> **Source material**
○ ○ ○ ○ ○
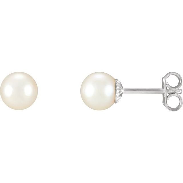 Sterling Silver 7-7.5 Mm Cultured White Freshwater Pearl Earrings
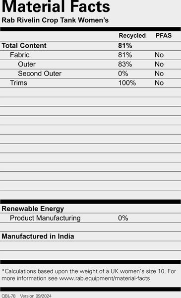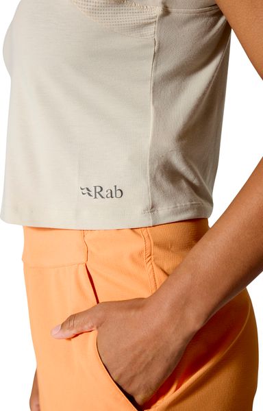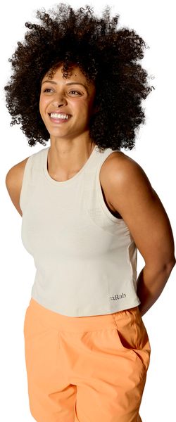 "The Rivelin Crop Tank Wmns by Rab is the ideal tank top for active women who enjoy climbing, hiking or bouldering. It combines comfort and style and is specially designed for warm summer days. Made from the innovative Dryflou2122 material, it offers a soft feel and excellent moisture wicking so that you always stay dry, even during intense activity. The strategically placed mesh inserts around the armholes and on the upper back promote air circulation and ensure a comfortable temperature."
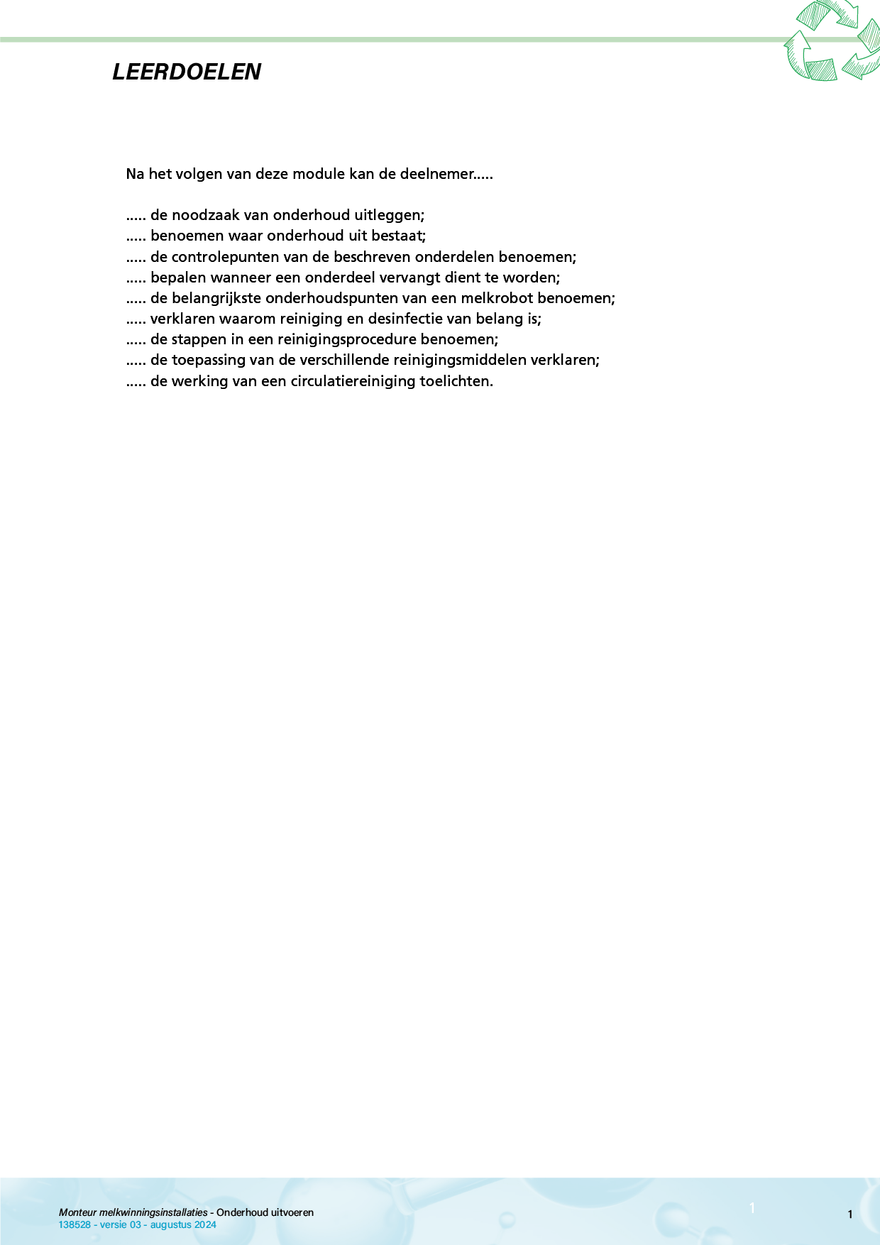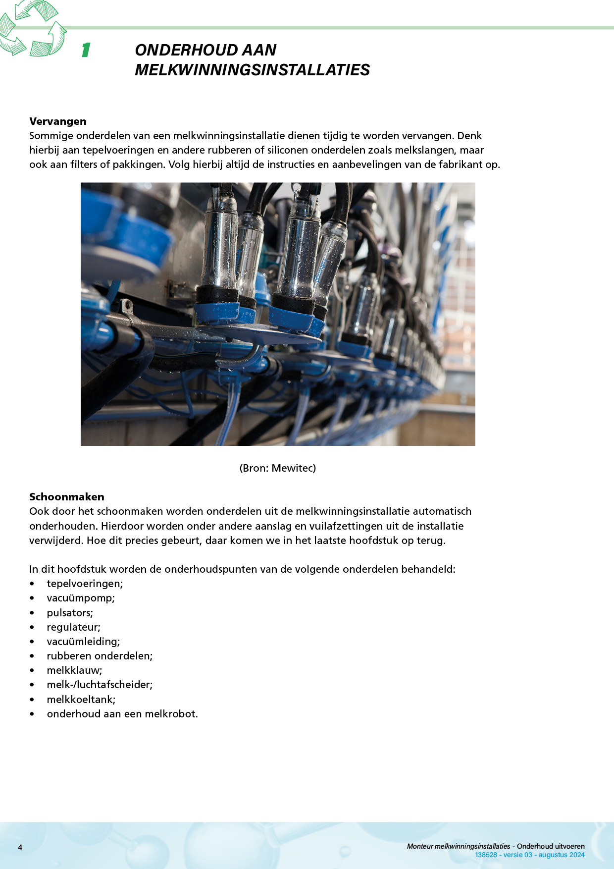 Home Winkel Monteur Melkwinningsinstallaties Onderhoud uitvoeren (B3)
○ ○ ○ ○ ○
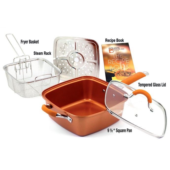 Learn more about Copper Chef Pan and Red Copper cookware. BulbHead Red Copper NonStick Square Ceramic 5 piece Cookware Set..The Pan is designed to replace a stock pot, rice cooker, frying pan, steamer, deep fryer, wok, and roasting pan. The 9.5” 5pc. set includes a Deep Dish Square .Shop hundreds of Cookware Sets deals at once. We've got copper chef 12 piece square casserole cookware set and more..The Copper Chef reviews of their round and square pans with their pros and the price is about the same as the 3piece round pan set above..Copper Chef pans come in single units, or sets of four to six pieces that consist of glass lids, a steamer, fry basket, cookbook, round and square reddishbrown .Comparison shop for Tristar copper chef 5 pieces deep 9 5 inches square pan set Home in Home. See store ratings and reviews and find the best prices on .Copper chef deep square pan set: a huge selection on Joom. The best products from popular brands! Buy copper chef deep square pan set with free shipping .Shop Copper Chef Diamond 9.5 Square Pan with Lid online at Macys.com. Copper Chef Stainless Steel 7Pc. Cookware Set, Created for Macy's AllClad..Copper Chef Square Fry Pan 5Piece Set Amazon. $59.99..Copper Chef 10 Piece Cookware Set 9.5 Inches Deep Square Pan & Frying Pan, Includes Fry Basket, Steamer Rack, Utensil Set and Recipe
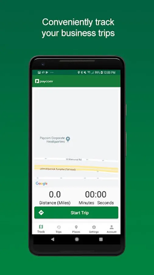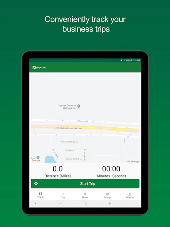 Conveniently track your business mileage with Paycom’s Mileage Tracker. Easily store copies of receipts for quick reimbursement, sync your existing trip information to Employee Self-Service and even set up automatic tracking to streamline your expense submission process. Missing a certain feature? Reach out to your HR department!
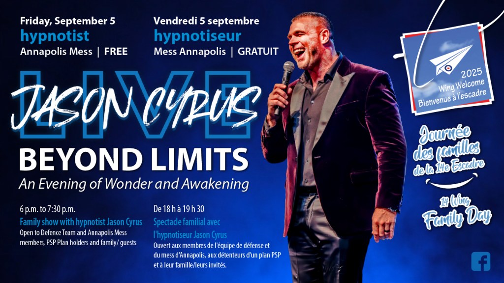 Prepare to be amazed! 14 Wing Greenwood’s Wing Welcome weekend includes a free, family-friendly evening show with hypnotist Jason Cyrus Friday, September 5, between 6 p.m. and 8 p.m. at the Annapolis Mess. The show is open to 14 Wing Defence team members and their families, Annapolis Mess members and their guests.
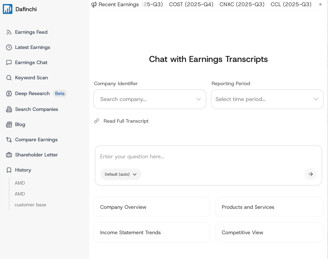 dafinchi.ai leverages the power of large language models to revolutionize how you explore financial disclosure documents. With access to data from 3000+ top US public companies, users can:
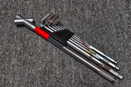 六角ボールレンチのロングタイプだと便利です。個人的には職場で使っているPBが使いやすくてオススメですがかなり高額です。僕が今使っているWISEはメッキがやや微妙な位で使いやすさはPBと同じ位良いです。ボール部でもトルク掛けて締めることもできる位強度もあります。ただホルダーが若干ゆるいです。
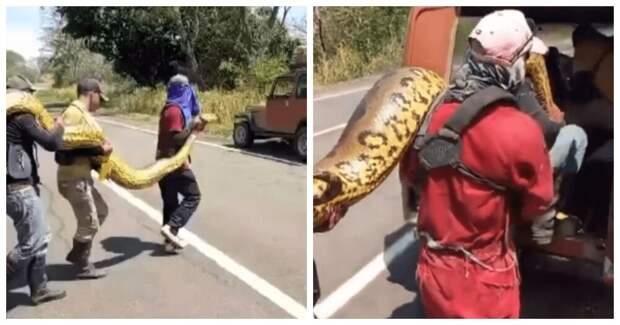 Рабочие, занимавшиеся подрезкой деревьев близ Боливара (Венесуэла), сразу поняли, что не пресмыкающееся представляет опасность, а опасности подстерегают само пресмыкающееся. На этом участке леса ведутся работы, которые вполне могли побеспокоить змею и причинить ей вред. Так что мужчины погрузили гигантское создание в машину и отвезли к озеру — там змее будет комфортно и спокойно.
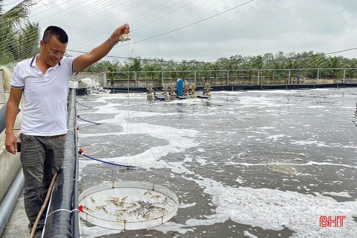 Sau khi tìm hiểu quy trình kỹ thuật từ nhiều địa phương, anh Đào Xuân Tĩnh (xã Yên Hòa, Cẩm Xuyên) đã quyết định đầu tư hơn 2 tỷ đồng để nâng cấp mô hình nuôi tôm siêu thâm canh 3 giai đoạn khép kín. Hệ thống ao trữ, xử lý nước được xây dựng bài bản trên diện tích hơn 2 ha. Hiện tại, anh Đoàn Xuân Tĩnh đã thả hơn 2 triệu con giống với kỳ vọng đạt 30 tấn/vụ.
○ ○ ○ ○ ○
> **What you need to do**
In the listing above, find the line with "Conveniently track your" and the line with "Prepare to be". Set down both and every line between them, minus the pictures.

> **Response area**
 Conveniently track your business mileage with Paycom’s Mileage Tracker. Easily store copies of receipts for quick reimbursement, sync your existing trip information to Employee Self-Service and even set up automatic tracking to streamline your expense submission process. Missing a certain feature? Reach out to your HR department!
 Prepare to be amazed! 14 Wing Greenwood’s Wing Welcome weekend includes a free, family-friendly evening show with hypnotist Jason Cyrus Friday, September 5, between 6 p.m. and 8 p.m. at the Annapolis Mess. The show is open to 14 Wing Defence team members and their families, Annapolis Mess members and their guests.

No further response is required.